# How Does The Front Fender Mount To A Spaceliner Springer?



## bairdco (Jun 15, 2016)

Got a men's spaceliner I want to put fenders on.

I see from pics the front fender strut mounts to the top bolts on the springer bracket.

How does the fender attach to the top, under the fork crown?

Pictures would be a big help. 

Thanks...


----------



## Evans200 (Jun 15, 2016)

Doubt this pic will help, bike isn't nearby to take close-ups, I'm on vacation. Be home tomorrow can take specific pics if you still need them.


----------



## mickeyc (Jun 15, 2016)

I have a good pair of Spaceliner fenders if you are in need.

Mike


----------



## bairdco (Jun 15, 2016)

Thanks, but I got some good ones, just haven't got around to putting them on yet.

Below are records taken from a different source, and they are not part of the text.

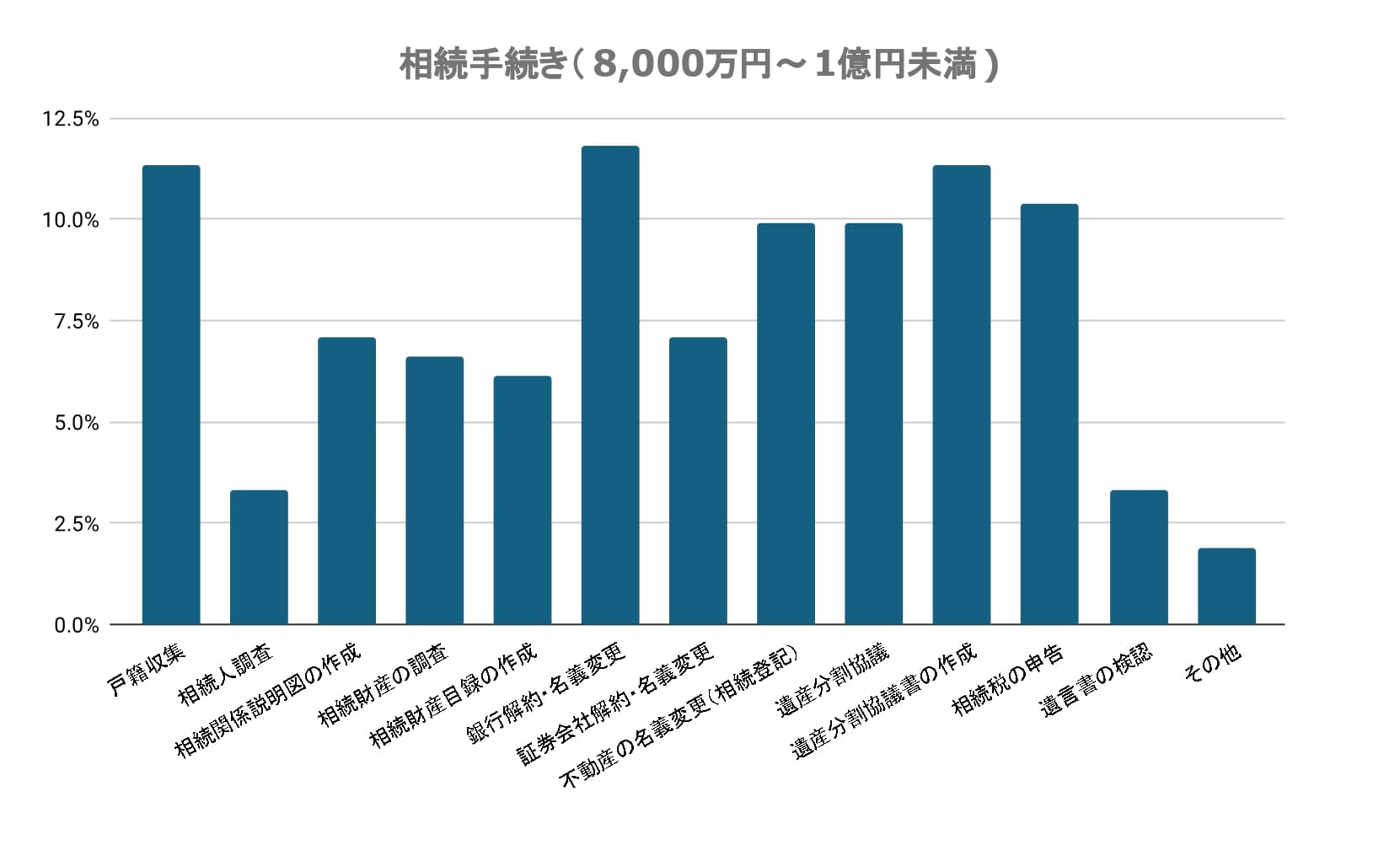 遺産8,000万円~1億円未満の規模では相続税が課されるケースが多いため、相続税の申告(10.4%)も行った手続きとして一定の割合を占めています。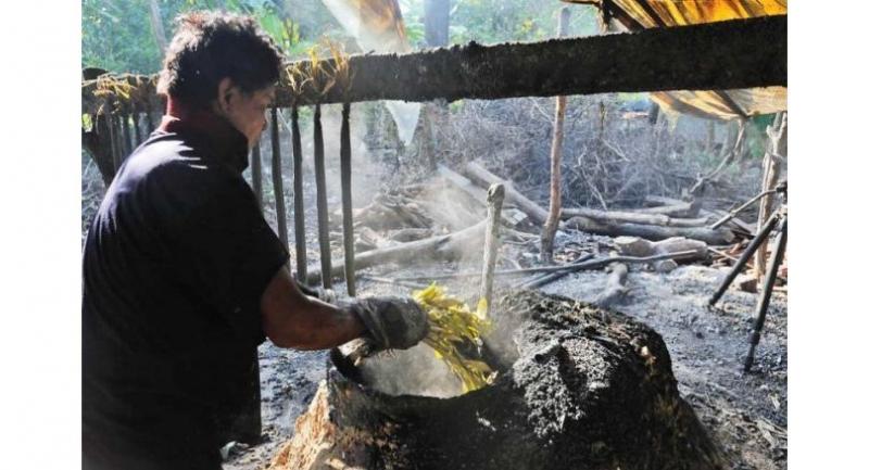 “First of all, you tie a bunch of leaves into small bundles and dry them under the sun, then dip the bundles into burning rubber.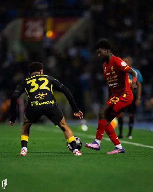 ورغم البداية الأفضل للاتحاد الذي دخل اللقاء بضغط هجومي واضح وكاد أن يفتتح التسجيل مبكرًا عبر حسام عوار بتسديدة مرت فوق العارضة، ثم رأسية خطيرة ارتطمت بالقائم قبل أن يسيطر عليها الحارس كوين كاستيلس، إلا أن الفريق الأصفر لم يستثمر تلك الفرص، ليحصل لاحقًا على ركلة جزاء ترجمها الفرنسي كريم بنزيما إلى هدف التقدم في الدقيقة التاسعة والعشرين.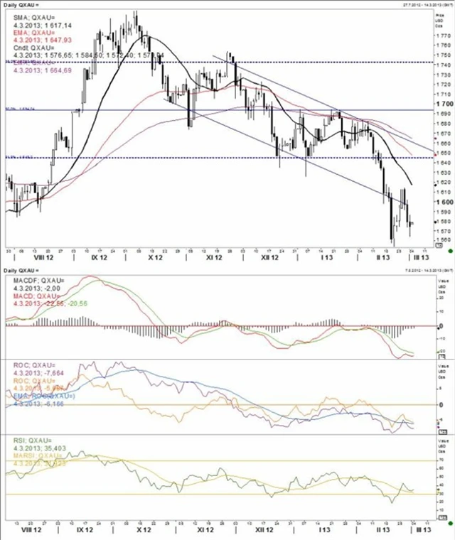 Prodeje fondů se zvyšují, nedávno se tento trend dokonce dostal na maximum od roku 1999, kdy se evropské centrální banky čile zbavovaly zlata ze svých rezerv. Zlatu se i navzdory uklidňujícím výrokům ze strany šéfa Fedu Bena Bernankeho, který obhajoval pokračování kvantitativního uvolňování, nepodařilo dostat nad technickou hranici odporu. Ta je nyní na hodnotě 1 620 USD za unci.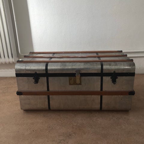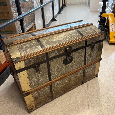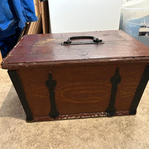 En antik kista som vi använt som skattkista 🏴 ☠️ och förvaring till leksaker/utklädningskläder i barnens lekrum.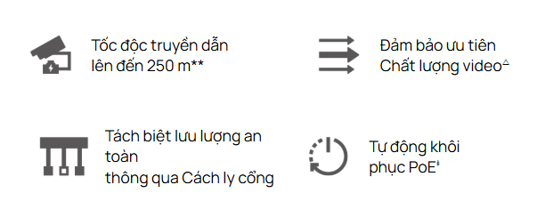**Tốc độ của các cổng hỗ trợ truyền PoE ở khoảng cách 250m sẽ bị giảm xuống còn 10 Mbps. Khoảng cách truyền thực tế có thể thay đổi tùy thuộc vào chất lượng của dây cáp.

The bike's not complete, so I'm building a custom for a custom-er.


----------



## bairdco (Jun 16, 2016)

Still looking for a pic. C'mon, I know there's a million spaceliners out there...


----------



## rideahiggins (Jun 17, 2016)

Look here.
http://www.ebay.com/itm/JC-Higgins-...D&orig_cvip=true&rt=nc&_trksid=p2047675.l2557


----------



## bairdco (Jun 17, 2016)

So it just mounts solid to the underside of the steer tube. Ok. Guess it doesn't move much with the springer.


----------



## JMack (Aug 2, 2016)

mickeyc said:


> I have a good pair of Spaceliner fenders if you are in need.
> 
> Mike



COULD USE SPACELINER FENDERS, STILL HAVE THEM? THANKS, J.


----------



## mickeyc (Aug 2, 2016)

PM sent.

Mike


----------



## MaxGlide (Aug 7, 2016)

The fender moves with the frame and springer. make sure you put the bolts back together properly, with washers and everything or the springer will not flex properly.


----------



## Barry Carlisle (Sep 8, 2016)

The springer fender has a slot in it. If yours doesn't it will not fit right.


----------



## bairdco (Sep 8, 2016)

Thanks guys, i worked it out and bike's been sold.


----------